# Your objective:
Beginning with the top line of the listing below, give again every line up to and including the line with "A Caixa de Assistência"; pictures do not belong in the copy.

# Material provided:
*****
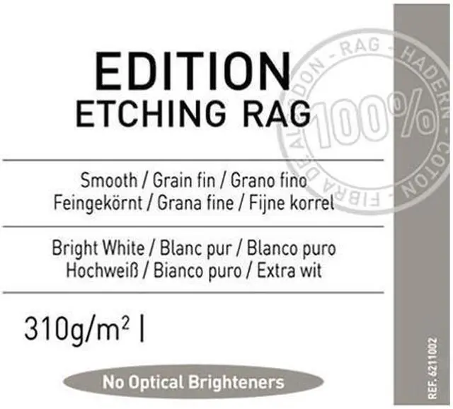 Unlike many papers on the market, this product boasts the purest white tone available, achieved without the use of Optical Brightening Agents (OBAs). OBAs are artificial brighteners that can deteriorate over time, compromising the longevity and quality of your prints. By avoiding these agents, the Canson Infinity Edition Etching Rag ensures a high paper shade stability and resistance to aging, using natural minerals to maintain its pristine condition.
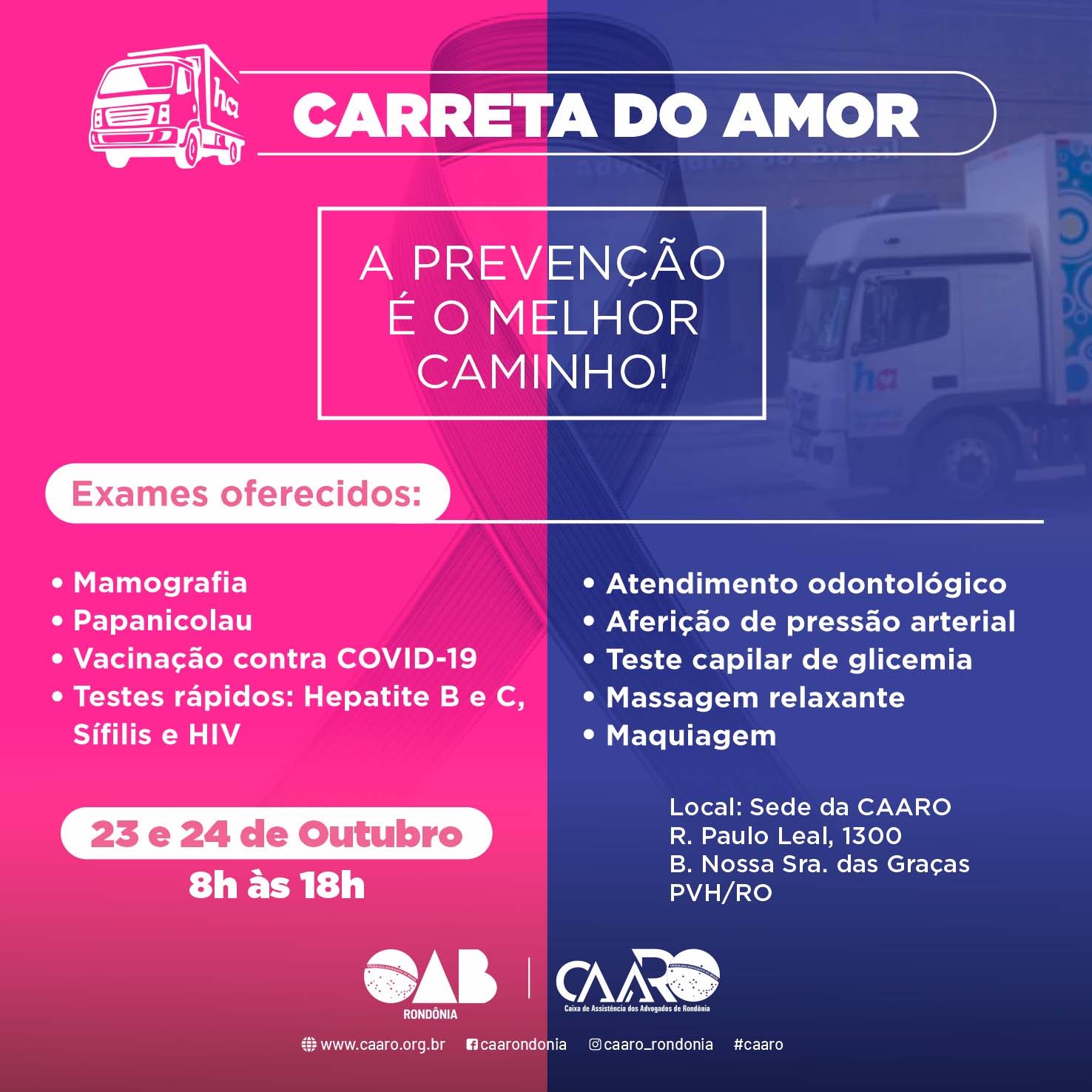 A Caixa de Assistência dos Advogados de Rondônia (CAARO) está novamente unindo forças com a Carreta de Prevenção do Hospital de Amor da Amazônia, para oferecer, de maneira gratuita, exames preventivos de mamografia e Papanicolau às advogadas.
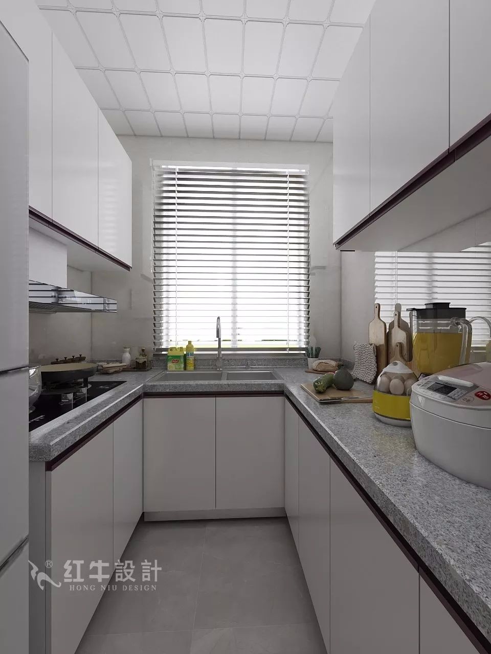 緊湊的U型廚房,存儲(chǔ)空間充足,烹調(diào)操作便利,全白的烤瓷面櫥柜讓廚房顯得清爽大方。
*****
# Finished exercise:
 Unlike many papers on the market, this product boasts the purest white tone available, achieved without the use of Optical Brightening Agents (OBAs). OBAs are artificial brighteners that can deteriorate over time, compromising the longevity and quality of your prints. By avoiding these agents, the Canson Infinity Edition Etching Rag ensures a high paper shade stability and resistance to aging, using natural minerals to maintain its pristine condition.
 A Caixa de Assistência dos Advogados de Rondônia (CAARO) está novamente unindo forças com a Carreta de Prevenção do Hospital de Amor da Amazônia, para oferecer, de maneira gratuita, exames preventivos de mamografia e Papanicolau às advogadas.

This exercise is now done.